═════ TASK MATERIAL

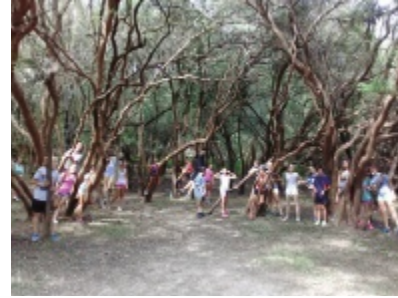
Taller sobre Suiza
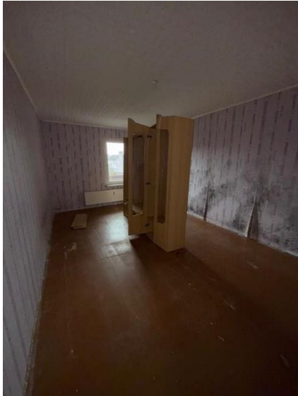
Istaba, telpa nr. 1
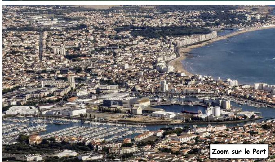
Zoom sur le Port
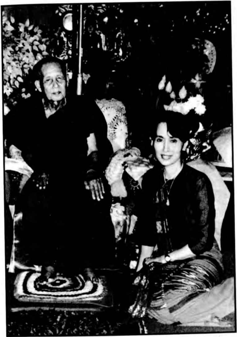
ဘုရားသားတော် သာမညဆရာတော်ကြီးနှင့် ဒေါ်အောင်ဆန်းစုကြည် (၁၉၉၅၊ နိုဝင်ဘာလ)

══════════
═════ TASK MATERIAL

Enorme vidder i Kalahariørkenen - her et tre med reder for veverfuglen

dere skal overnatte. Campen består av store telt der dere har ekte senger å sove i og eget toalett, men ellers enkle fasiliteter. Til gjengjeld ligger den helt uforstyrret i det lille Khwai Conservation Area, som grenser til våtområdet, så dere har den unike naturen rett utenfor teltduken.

══════════

## TASK BRIEF
Retype only the lines above from the one with "Taller sobre Suiza" through the one with "ဘုရားသားတော် သာမညဆရာတော်ကြီးနှင့် ဒေါ်အောင်ဆန်းစုကြည်", exactly and with both ends. Images stay out.

## FINISHED TASK
Taller sobre Suiza
Istaba, telpa nr. 1
Zoom sur le Port
ဘုရားသားတော် သာမညဆရာတော်ကြီးနှင့် ဒေါ်အောင်ဆန်းစုကြည် (၁၉၉၅၊ နိုဝင်ဘာလ)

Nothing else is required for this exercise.